▶ DATA EXTRACT:
........

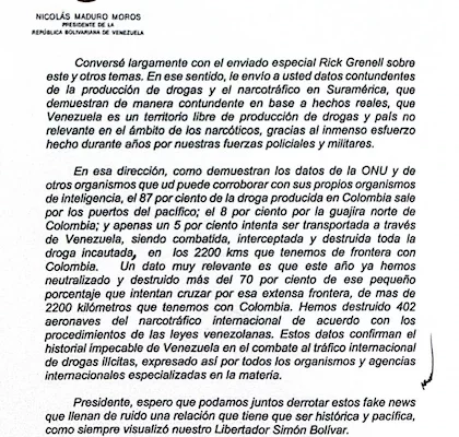 En el documento, el gobierno chavista se declara víctima de información falsa, por lo cual considera que Estados Unidos ha desplegado una operación militar con el pretexto de combatir el narcotráfico en el Caribe y en el Pacífico.
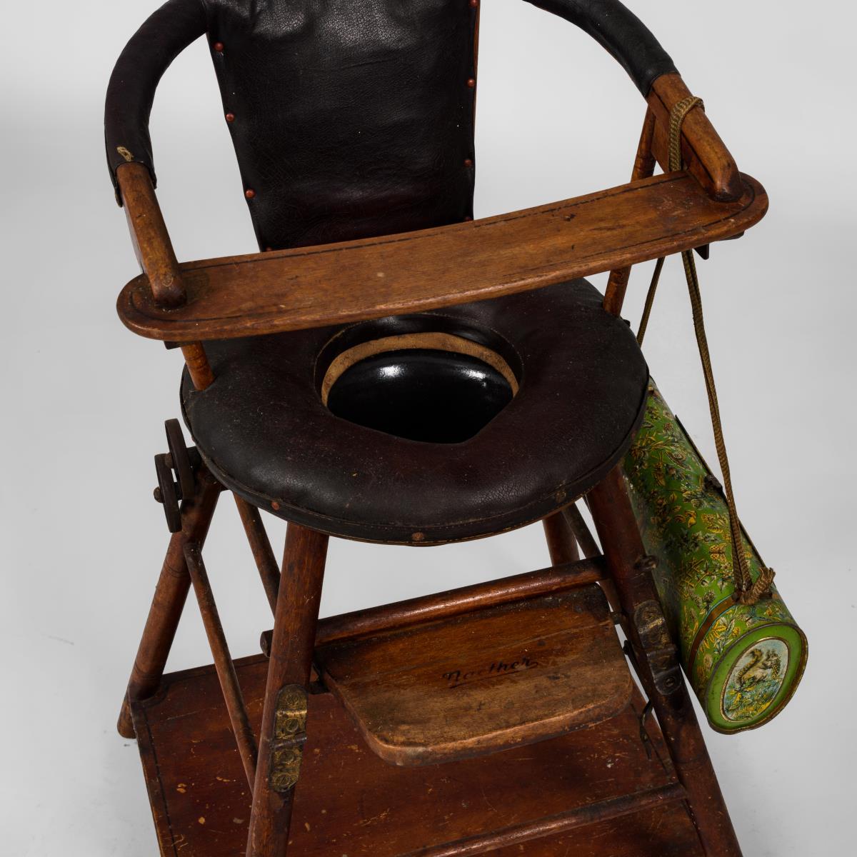 Multifunktioneller Hochstuhl mit integriertem, herausnehmbarem Töpfchen, einklappbarer Fußstütze und beweglichem Sicherheitsbügel, Fußteil mit Ablage. Durch Klappfunktion als rollbarer Spieltisch verwendbar: Tischplatte mit Beweglichkeitsspiel und Abziehbild mit Automobil und Kühen. Sitzfläche und Lehne mit schwarzem Lederbezug. Als Beigabe eine Botanisiertrommel aus Blech. Stärkere Alters-/Gebrauchsspuren, Mechanik funktioniert, Leder etwas rissig.
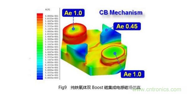對(duì)于這種新型高效電感的設(shè)計(jì),和Boost電感設(shè)計(jì)要求一樣,要求該電感在大紋波電流工作時(shí),保持極佳的效率。由于其電感量可以設(shè)計(jì)成比較小的感值,即使要求直流內(nèi)阻較低,用銅量也能得到大幅的控制。對(duì)于磁性材料中的ΔB磁場變化率大的問題,同樣地采用Hybrid Magnetics技術(shù),可以控制磁性的損耗、減少漏磁的存在,達(dá)到很少的用銅量也能保持很低的內(nèi)阻的目的。
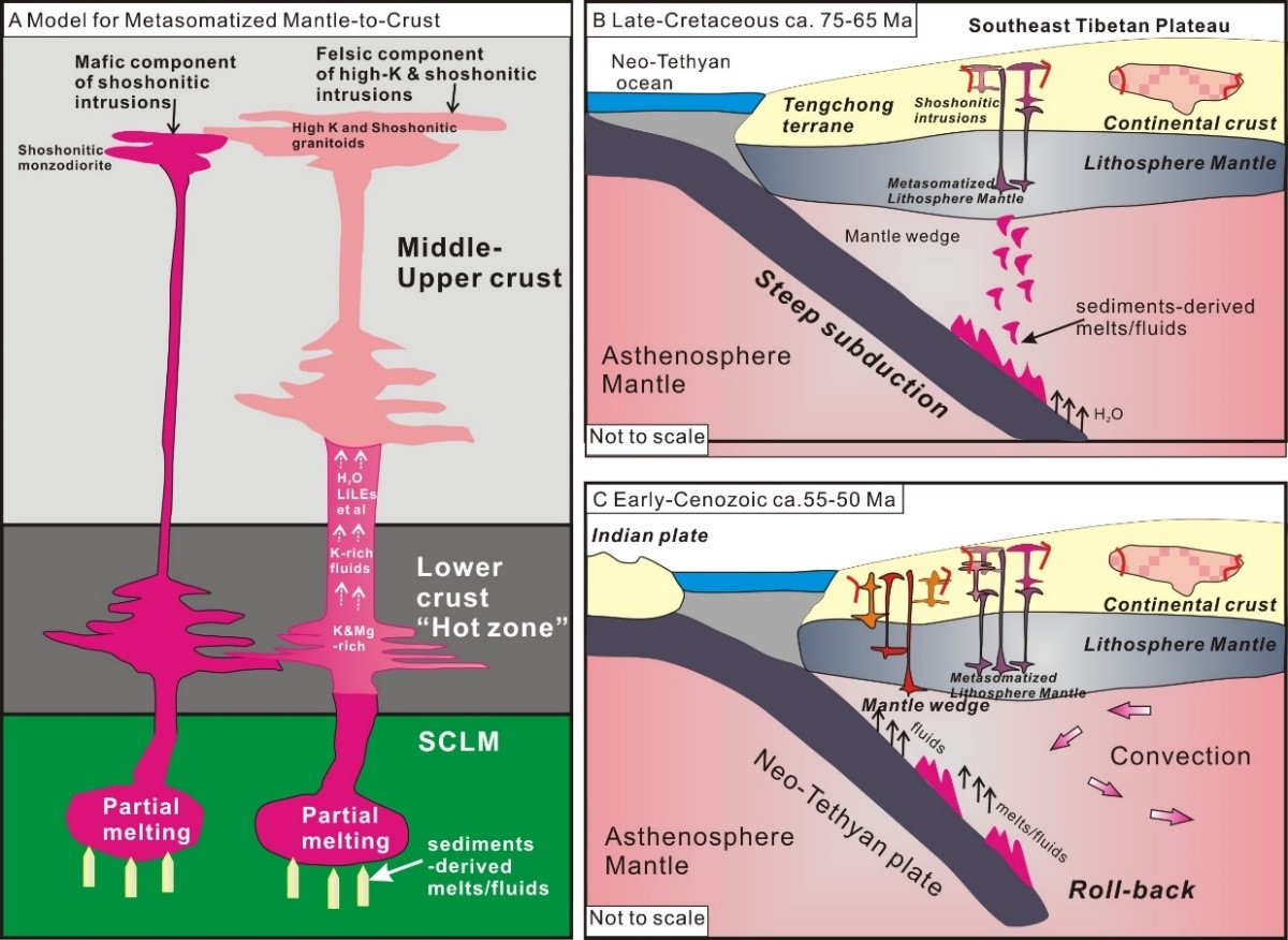 在地球上分布广泛却通常以小规模岩珠而存在的高钾钙碱性-钾玄质岩石为揭示壳幔相互作用提供关键岩浆信息,通常产生于碰撞后拉张伸展背景下。目前很少有研究工作注意到活动大陆边缘弧背景下产生的多阶段大规模高钾钙碱性-钾玄质岩石组合。此次研究发现,在青藏高原东南缘存在着一个体积约28000 km3的晚白垩世-早新生代巨量高钾钙碱性-钾玄质岩体。其中,镁铁质侵入体属于钾玄质系列,含有高的钾镁 (K2O, ~ 3.3wt.%; Mg, ~ 5.1 wt.%; Mg#, ~ 57),轻稀土(LREE)和大离子亲石元素(LILE)含量,低的Ba/Th, Ba/La, Sm/La (< 0.3), Nb/Yb208Pb/206Pb比值,高的Hf/Sm (> 0.70), Th/Yb, Th/La (> 0.2) and La/Sm比值,不具有明显Eu异常。镁铁质矿物以含水的镁闪石和富钾镁的黑云母组成,这些特征指示了岩石圈地幔源区, 其受到来源于循环沉积物来源流体/熔体的交代作用。共生的长英质侵入体显示出高硅、高度富集碱性元素及不相容元素特征,镁铁质矿物也以铁闪石和铁云母为主,这些特征明显指示了富集大陆源区,然而源区受到同期富钾镁铁质岩浆释放出流体的活化作用。因此我们认为:相对于碰撞后和早期裂谷环境下生成的小规模钾质岩浆,这些大规模多期次的高钾钙碱性-钾玄质岩浆作用产生于活动大陆边缘弧背景下从地幔到上部地壳的穿地壳岩浆系统(图1)。结合地球物理学的数据观察,高钾钙碱性-钾玄质岩浆作用系统的产生与洋壳板片俯冲作用的时空演化密切相关(图1),既从新特提斯洋俯冲到印度-亚洲初始碰撞过程中,洋壳板片从低角度俯冲转向高角度俯冲,以及与随后发生的板片回撤和断裂作用高度耦合。

........

Write out the whole listing verbatim, images excluded.

 En el documento, el gobierno chavista se declara víctima de información falsa, por lo cual considera que Estados Unidos ha desplegado una operación militar con el pretexto de combatir el narcotráfico en el Caribe y en el Pacífico.
 Multifunktioneller Hochstuhl mit integriertem, herausnehmbarem Töpfchen, einklappbarer Fußstütze und beweglichem Sicherheitsbügel, Fußteil mit Ablage. Durch Klappfunktion als rollbarer Spieltisch verwendbar: Tischplatte mit Beweglichkeitsspiel und Abziehbild mit Automobil und Kühen. Sitzfläche und Lehne mit schwarzem Lederbezug. Als Beigabe eine Botanisiertrommel aus Blech. Stärkere Alters-/Gebrauchsspuren, Mechanik funktioniert, Leder etwas rissig.
對(duì)于這種新型高效電感的設(shè)計(jì),和Boost電感設(shè)計(jì)要求一樣,要求該電感在大紋波電流工作時(shí),保持極佳的效率。由于其電感量可以設(shè)計(jì)成比較小的感值,即使要求直流內(nèi)阻較低,用銅量也能得到大幅的控制。對(duì)于磁性材料中的ΔB磁場變化率大的問題,同樣地采用Hybrid Magnetics技術(shù),可以控制磁性的損耗、減少漏磁的存在,達(dá)到很少的用銅量也能保持很低的內(nèi)阻的目的。
 在地球上分布广泛却通常以小规模岩珠而存在的高钾钙碱性-钾玄质岩石为揭示壳幔相互作用提供关键岩浆信息,通常产生于碰撞后拉张伸展背景下。目前很少有研究工作注意到活动大陆边缘弧背景下产生的多阶段大规模高钾钙碱性-钾玄质岩石组合。此次研究发现,在青藏高原东南缘存在着一个体积约28000 km3的晚白垩世-早新生代巨量高钾钙碱性-钾玄质岩体。其中,镁铁质侵入体属于钾玄质系列,含有高的钾镁 (K2O, ~ 3.3wt.%; Mg, ~ 5.1 wt.%; Mg#, ~ 57),轻稀土(LREE)和大离子亲石元素(LILE)含量,低的Ba/Th, Ba/La, Sm/La (< 0.3), Nb/Yb208Pb/206Pb比值,高的Hf/Sm (> 0.70), Th/Yb, Th/La (> 0.2) and La/Sm比值,不具有明显Eu异常。镁铁质矿物以含水的镁闪石和富钾镁的黑云母组成,这些特征指示了岩石圈地幔源区, 其受到来源于循环沉积物来源流体/熔体的交代作用。共生的长英质侵入体显示出高硅、高度富集碱性元素及不相容元素特征,镁铁质矿物也以铁闪石和铁云母为主,这些特征明显指示了富集大陆源区,然而源区受到同期富钾镁铁质岩浆释放出流体的活化作用。因此我们认为:相对于碰撞后和早期裂谷环境下生成的小规模钾质岩浆,这些大规模多期次的高钾钙碱性-钾玄质岩浆作用产生于活动大陆边缘弧背景下从地幔到上部地壳的穿地壳岩浆系统(图1)。结合地球物理学的数据观察,高钾钙碱性-钾玄质岩浆作用系统的产生与洋壳板片俯冲作用的时空演化密切相关(图1),既从新特提斯洋俯冲到印度-亚洲初始碰撞过程中,洋壳板片从低角度俯冲转向高角度俯冲,以及与随后发生的板片回撤和断裂作用高度耦合。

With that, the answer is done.